Significant Challenges We Must Face Urgently

AI growth is exploding with as-of-yet unknown impacts on the entry-level job market, and many experts contend the global AI race won’t be won by the side with the best hardware, but instead with the best tech-savvy talent. One key report suggests that “digital expertise is the most important requirement for government modernization, but few parts of the government have adequately invested in building a digital workforce.” A group of experts assess bluntly: “the government will not be able to recruit its way out of its technology workforce deficit.” Without an expanded pipeline from universities to government service, the talent gap (and negative operational impact it causes) will continue to create risk for U.S. national security.

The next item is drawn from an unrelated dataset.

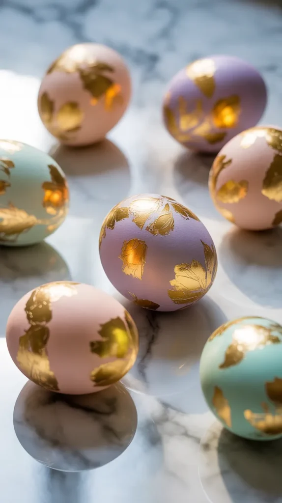 Gold leaf Easter eggs bring instant elegance to your holiday table. Paint your eggs in white, blush, or light gray, then gently apply gold foil sheets using craft glue. The metallic accents create a luxury look without a luxury price tag. Each egg becomes a small art piece, perfect for centerpieces or gift baskets.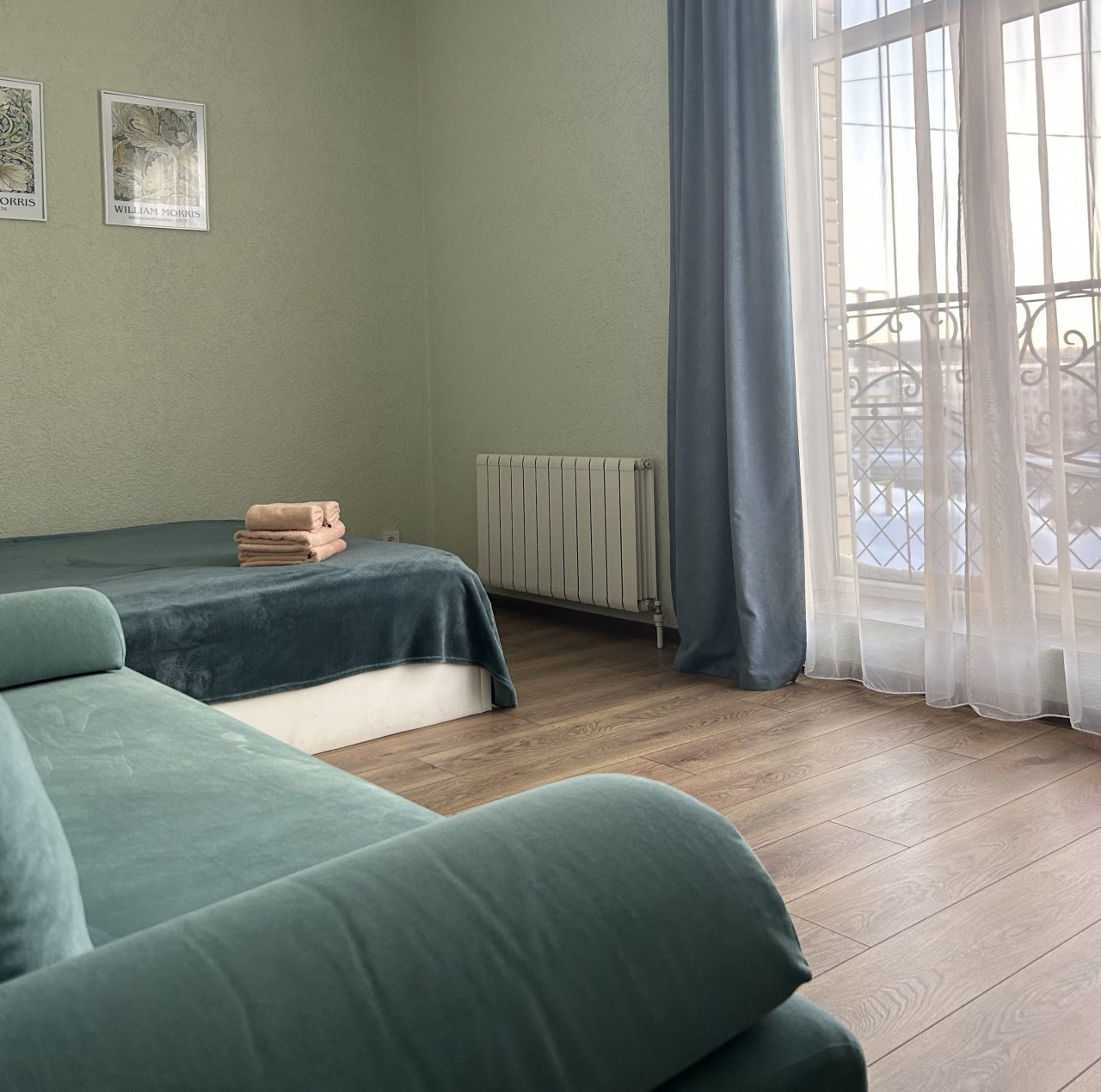 У нас уже достаточно взрослые дети, с которыми мы путешествуем. Рассчет был на то, чтобы их разместить на большой кровати, самим взять меньшую. Увы. В номере оказалась кровать кингсайз и раскладной диван в зоне прихожей. Спасибо администратору Елене, она быстро разрулила эту ситуацию. Нам предоставили раскладушку. Разместились с комфортом. Площадь номера позволяла.

The barriers that the real Mayas and Petty Officer Sullivans face are serious, and without bold action, could add up to strategic failure. There is a large body of research from the past few years sitting on the shelf, full of well-developed recommendations ready to be implemented immediately if properly resourced. So far, Congress and the Pentagon haven’t demonstrated sufficient political will to make the required holistic, transformative personnel policy choices to reduce the strategic risk.

At this inflection point with this powerful technology, the stakes are incredibly high. The American people expect policymakers to act.

It is no longer feasible to let a decade’s worth of key transformation frameworks collect dust.